High Availability Options for SQL Server on Azure VMs

SIOS DataKeeper
Reading Time: 5 minutes

Microsoft Azure infrastructure is designed to provide high availability for your applications and data. Azure offers a variety of infrastructure options for achieving high availability, including Availability Zones, Paired Regions, redundant storage, and high-speed, low-latency network connectivity. All of these services are backed by Service Level Agreements (SLAs) to ensure the availability of your business-critical applications. This blog post will focus on high availability options when running SQL Server in Azure Virtual Machines.

Azure Infrastructure

Before we jump into the high availability options for SQL Server, let’s discuss the vital infrastructure that must be in place. Availability Zones, Regions, and Paired Regions are key concepts in Azure infrastructure that are important to understand when planning for the high availability of your applications and data.

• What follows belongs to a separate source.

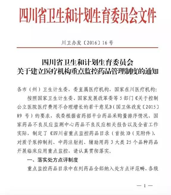 基于“省藥品招標(biāo)平臺采購排序情況、藥品不良反應(yīng)檢測報告情況和臨床實際”,四川省2月2日公布了首批重點監(jiān)控藥品目錄,主要包括質(zhì)子泵抑制劑、中藥注射劑和輔助用藥3大類,25個品種入選。具體清單如下:

Availability Zones are physically separate locations within a region that provides redundant power, cooling, and networking. Each Availability Zone consists of one or more data centers. By placing your resources in different Availability Zones, you can protect your applications and data from outages caused by planned or unplanned maintenance, hardware failures, or natural disasters. When leveraging Availability Zones for your SQL Server deployment, you qualify for the 99.99% availability SLA for Virtual Machines.

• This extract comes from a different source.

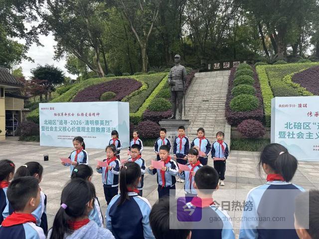 岁月长河波澜壮阔,英雄精神历久弥新。为缅怀革命先烈、弘扬民族精神,重庆市北碚区状元小学的少先队员们怀着无比崇敬的心情走进了张自忠烈士陵园,开展“清明祭英烈 忠勇传薪火”主题爱国主义教育活动,以庄重仪式追思先烈,用赤诚之心致敬英雄。

Regions are geographic locations where Azure services are available. Azure currently has more than 60 regions worldwide, each with multiple Availability Zones. By placing your resources in different regions, you can provide even greater protection against outages caused by natural disasters or other significant events.

Paired Regions are pre-defined region pairs that have unique relationships. Most notably, paired Regions replicate data to each other when geo-redundant storage is in use. The other benefits of paired regions are region recovery sequence, sequential updating, physical isolation, and data residency. When designing your disaster recovery plan, it is advisable to use Paired Regions for your primary and disaster recovery locations.

Using Availability Zones and Paired Regions in conjunction with high availability options such as Availability Groups and Failover Cluster Instances, you can create highly available, resilient SQL Server deployments that can withstand a wide range of failures, minimizing downtime.

SQL Server Availability Groups and Failover Cluster Instances

SQL Server Availability Groups (AGs) and SQL Server Failover Cluster Instances (FCIs) are both high availability (HA) and disaster recovery (DR) solutions for SQL Server, but they work in different ways.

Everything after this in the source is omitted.